Imagine a world where, whenever you wanted a new chair for your office or lampshade for your bedroom, all you had to do was put together a pile of kitchen waste and watch it grow. Unfortunately, product design is nowhere near that level of elfin magic yet, but mycelium gets us relatively close. At least, that’s what it sounds like when Bhakti V Loonawat and Suyash Sawant, co-founders of Mumbai-based product design studio Anomalia, run through the list of products they have been developing using the thread-like mushroom root system.
So far, the duo has created partition systems for acoustics; a block that can hold 40 times its own weight; and a series of chairs that is part of an ongoing furniture series called MycoLiving, all using their material of choice—mycelium. And up next is a mycelium light fixture. “The light is growing right now,” Loonawat says, immediately inspiring visions of a futuristic wonderland where plants and humans live in symbiotic harmony.
Mycologists like Paul Stamets have long extolled the virtues of mushrooms, and this seems to have caught on in sustainability circles today, with everyone raving about the root system of mushrooms. In other good news, it is a renewable resource, it grows on waste, and it is a viable replacement for PU-based materials like foam and faux leather. An added bonus in a country like India is that large-scale mycelium manufacturing, which requires agricultural waste, could offer farmers an additional source of income and eliminate their dependence on crop burning. Already, the material has made a mark on the design world at large. Last year’s Belgian Pavilion at the Venice Biennale was clad in mycelium panels developed by biotech company PermaFungi, and a few months ago, Cadillac announced a collaboration with mycelium-focussed MycoWorks to develop the material for its car interiors. Fashion has responded on cue as well—with Stella McCartney’s Frayme Mylo™️ leading the charge and designing a designer bag made from mycelium. Anomalia, too, is collaborating with fashion designer Anushé Pirani on mycelium leather apparel that will soon be available for retail.
In India, companies such as Roha Biotech and Dharaksha Ecosolutions are spearheading the application of mycelium as a packaging material, while even companies like Dabur, Barosi, and Kraft Packaging are jumping on the bandwagon. And now, architects are investigating its potential as a structural material, in the hope that it could become the very fabric of our built environments.
Will we one day be living in buildings that magically ‘grow’ out of old hay and sawdust? It turns out that’s exactly what Anomalia is hoping to explore through a fellowship with Godrej Design Lab. “We’re building a pavilion out of 300 of our blocks, interlocked and stacked,” explains Sawant. “Till now, people have seen mycelium in its capacity as a cladding material, but not as something that is under compression as a wall or a column system. That is what we are trying to do.”

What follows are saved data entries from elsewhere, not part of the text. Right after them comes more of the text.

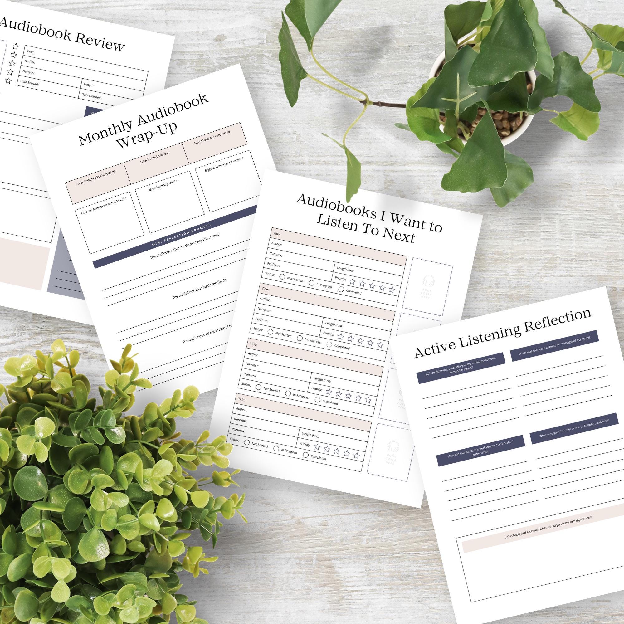 Includes reading log sheets, audiobook journal pages, monthly wrap-ups, and reflection prompts—perfect for turning ideas into action. Use it as a listening journal, book review tracker, or simple printable log to organize the books you have read and those you plan to explore next.
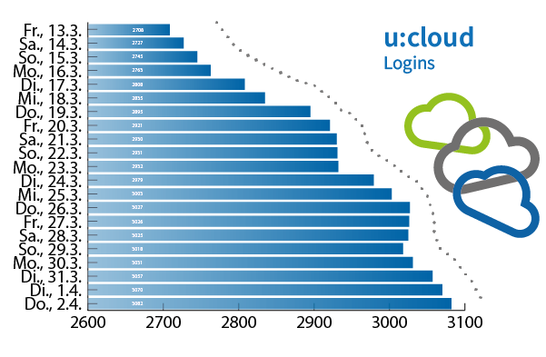 Die Anzahl der Logins in u:cloud, den Cloud-Speicher für Mitarbeiter*innen, ist seit Einführung des Notbetriebs am 16.03. enorm gestiegen. Sie steigerte sich von 2.763 auf 3.027 pro Tag, das entspricht einem Zuwachs von etwa 10%.
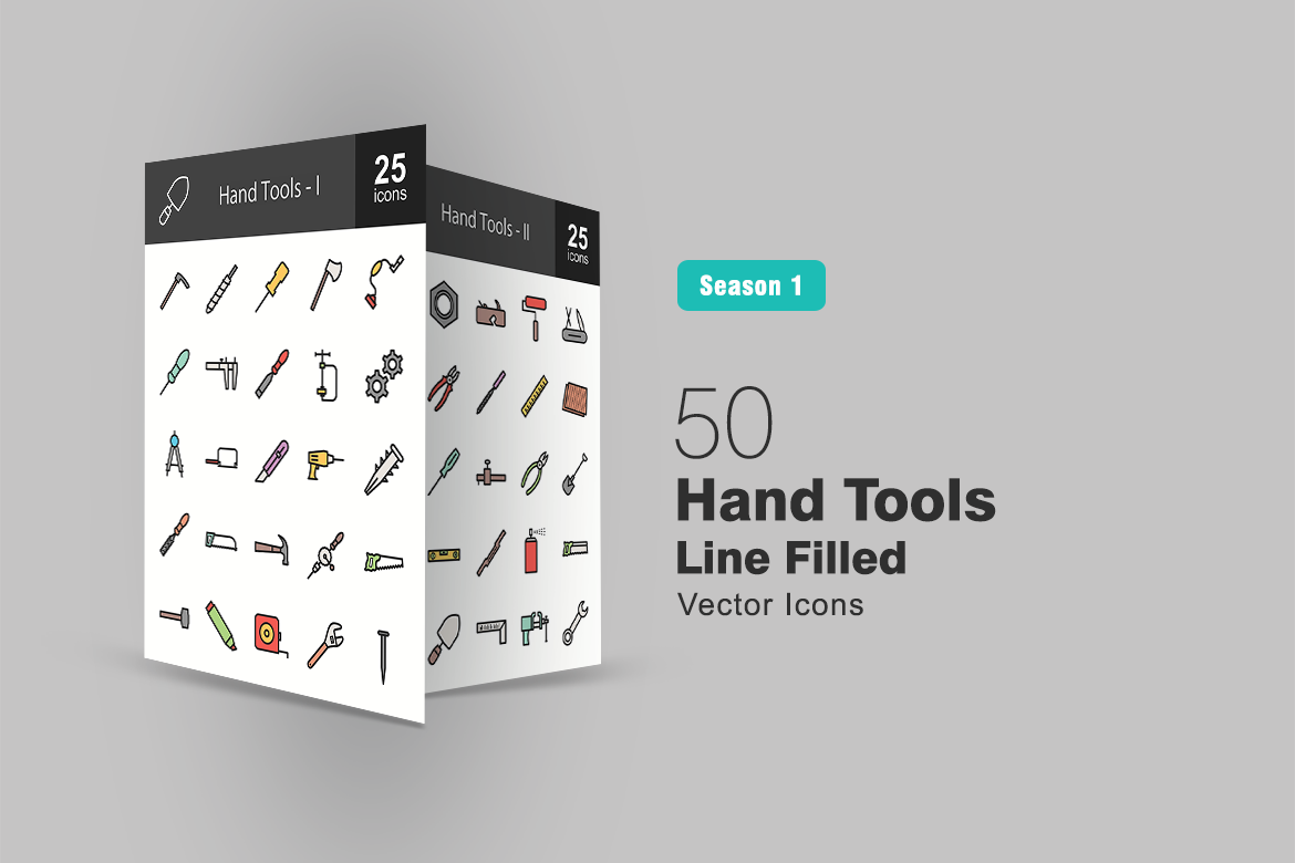 Download Набор иконок "50 Hand Tools Filled Line Icon Set" / 50 Hand Tools Filled Line Icon Set - Набор иконок на тему графика tools,icon,axe,caliper,chisel,cog,wheel,compass,saw,cutter,drill,file,hammer,shovel,marker,measuring,tape,wrench,nail,nut
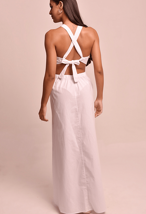 +Vestido longo branco em viscose com recorte princesa, cut out lateral e amarração nas costas. Leve, sofisticado e ideal para transitar da praia ao uso
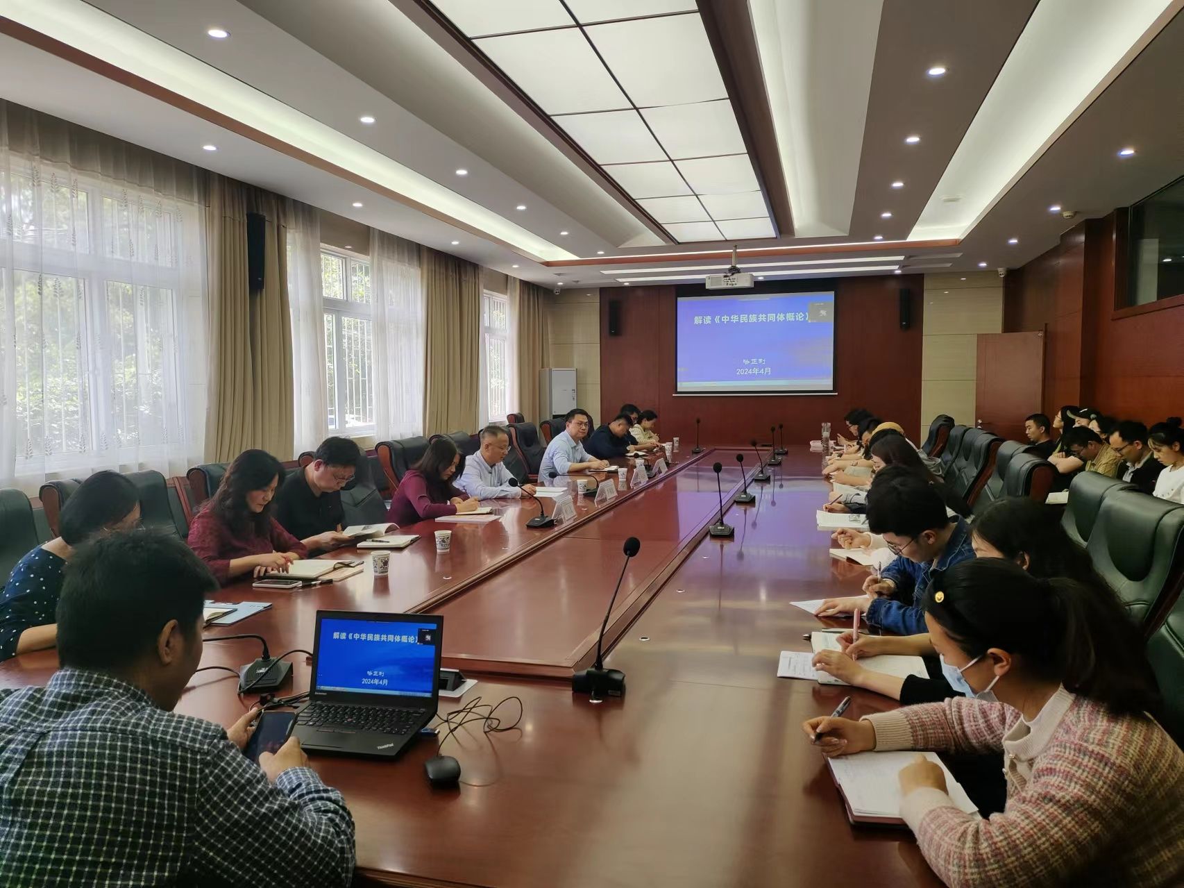 哈正利从“一部中国史,就是一部各民族交融汇聚成多元一体中华民族的历史”观点引入集体备课会主题,深入阐释习近平总书记关于加强和改进民族工作的重要思想,系统讲述中华民族共同体的历史脉络和丰富内涵。他与大家分享了参编《中华民族共同体概论》教材的艰辛过程,详细解读教材体系,澄清了五种错误的史观,阐释了正确的中华民族历史观,就如何引导学生牢固树立正确的中华民族历史观,牢固树立休戚与共、荣辱与共、生死与共、命运与共的共同体理念上了一堂既有理论深度,更有历史厚度的示范课。
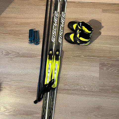 Fischer maastohiihtosukset ja monot. Sukset ovat mustat keltaisilla yksityiskohdilla, samoin monot. Tuote sopii perinteiseen maastohiihtoon. Pakettiin kuuluu suksipari siteineen, sauvat sekä yhteensopivat monot.
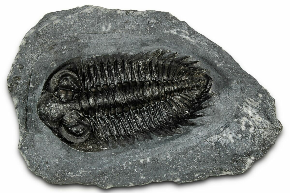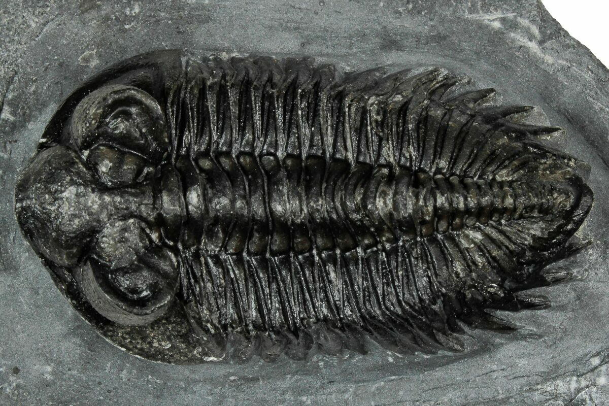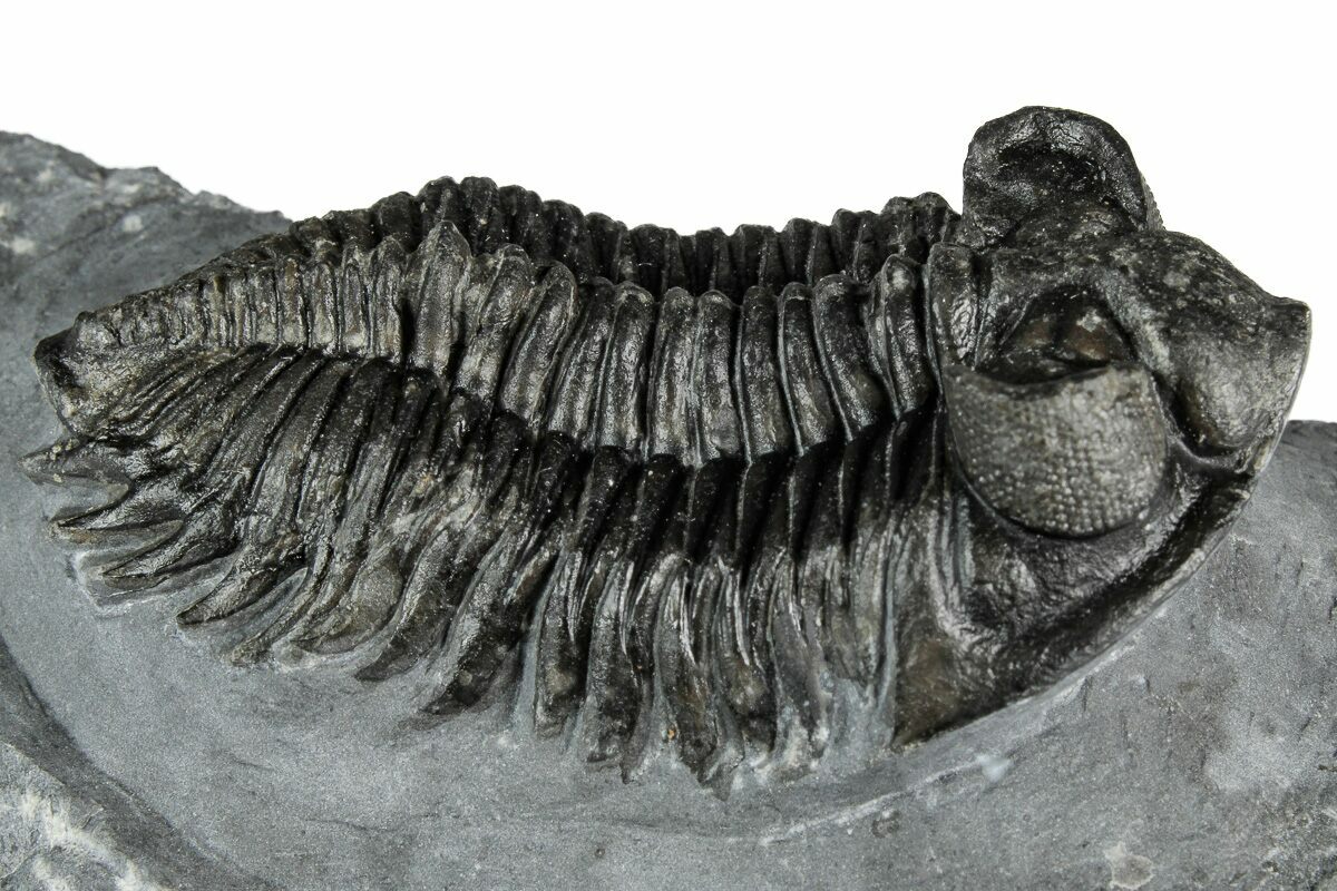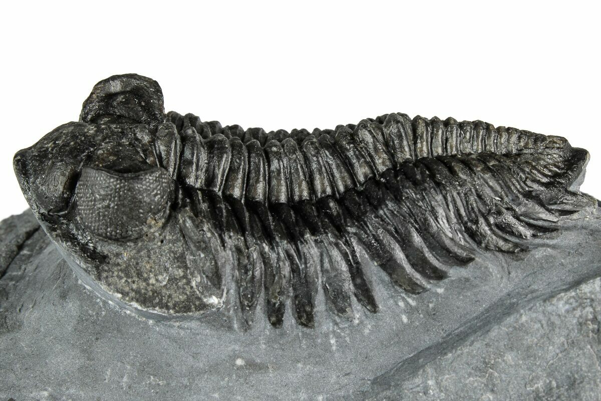 This is a prone, 2.4" long, prone Coltraneia trilobite with amazing "tower eyes" full of hundreds of eye facets. The genus has often been referred to as Treveropyge in the past. It was quarried at Ofaten Mountain, Morocco.
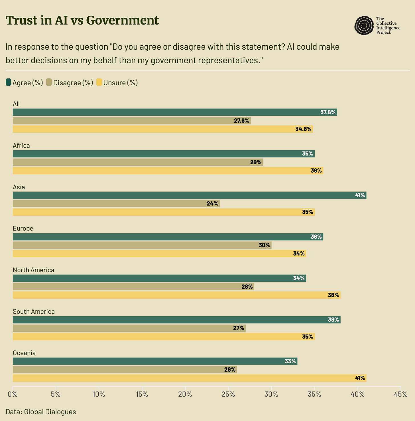 In Asia, participants report higher trust in AI companies, about one in three say they generally trust these firms, paired with lower confidence in government institutions. In Europe, the pattern reverses: trust leans toward public institutions and regulation, while confidence in tech companies lags. African and Middle Eastern respondents tend to show moderate trust in AI overall but a strong desire for human oversight. In North America, people are split, optimistic about innovation, skeptical about accountability. When asked if they thought AI could make better decisions on their behalf than their elected representatives, 38% of participants agreed.1
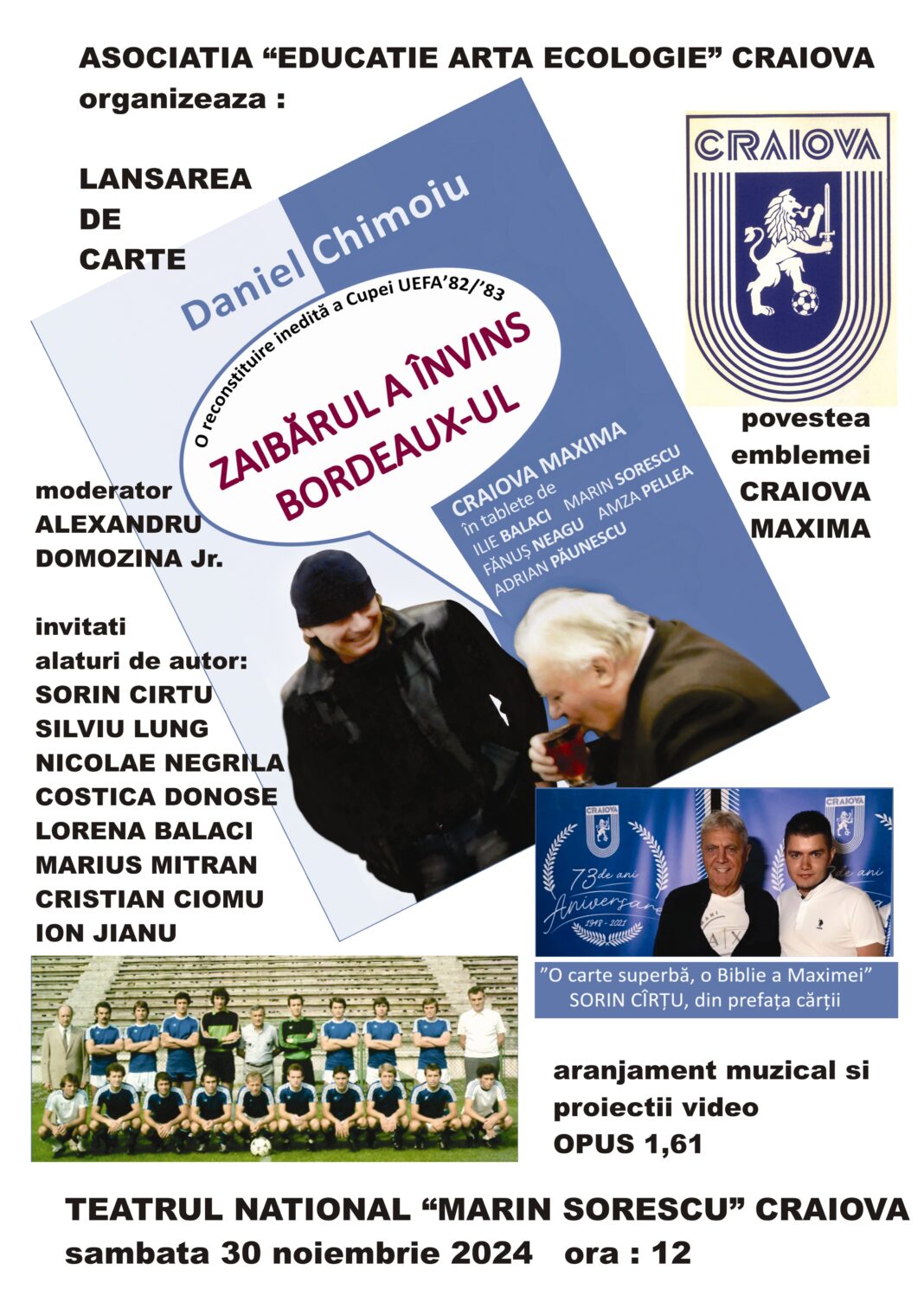 Chiar dacă nu a luat parte pe viu la „luptele“ memorabile ale Craiovei Maxima, având acum doar 23 de ani, Daniel Chimoiu, un pătimaș suporter al Științei, membru al Peluzei Nord Craiova, și-a făcut curaj și a publicat „o reconstituire inedită a Cupei UEFA ’82/’83“. Pasionat peste măsură, Daniel a adunat informații, a aflat și lucruri încă nedezvăluite și a cuprins totul într-o carte pe care a numit-o „Zaibărul a învins Bordeaux-ul“. Are o prefață semnată de Sorin Cârțu și oferă multe teme interesante, care merită citite, dar și o ilustrație care, cu siguranță, te va purta cu gândul în acele vremuri.
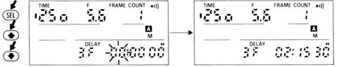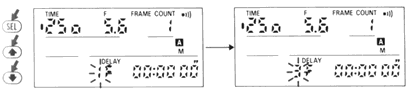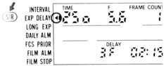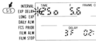 3. Set delay time. Using SEL and adjust buttons, set display to desired time using the same method described for setting date and time4. Push S/R button to complete Exposure Delay setting. Exposure Delay set indicator appears. To confirm imprinted data, push MOD button to change display, To change or cancel imprinted data, push FNC button to select Data Imprint function. Remaining time and number of frames cannot be imprinted, even when displayed in the LCD.
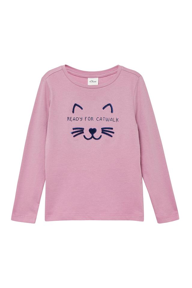 Розовая футболка s.Oliver для девочки с забавным принтом котика. Изготовлена из 100% хлопка, обеспечивающего комфорт и удобство в носке. Отличный выбор для повседневной носки. Состав: хлопок 100%

Loonawat and Sawant’s introduction to the material came in Barcelona, when they were pursuing their postgraduate degrees in architecture at the Institute for Advanced Architecture of Catalonia. “We were aware of mycelium as a material, but in Europe, we got a sense of how it could be put into practice,” Sawant recalls. The duo started experimenting with it during the lockdown, by growing mycelium in cupcake trays. Given that mycelium grows naturally on waste, it’s fairly low-maintenance, but even a minor bacterial contamination can alter the integrity of the substrate, and, consequently, its viability for architectural use. They now enlist biotech partners like Roha Biotech, and Indonesia’s MYCL Bio to grow mycelium for them in climate-controlled labs—in return, Anomalia’s design explorations offer these companies an opportunity to experiment with and develop new substrates that could revolutionise architecture.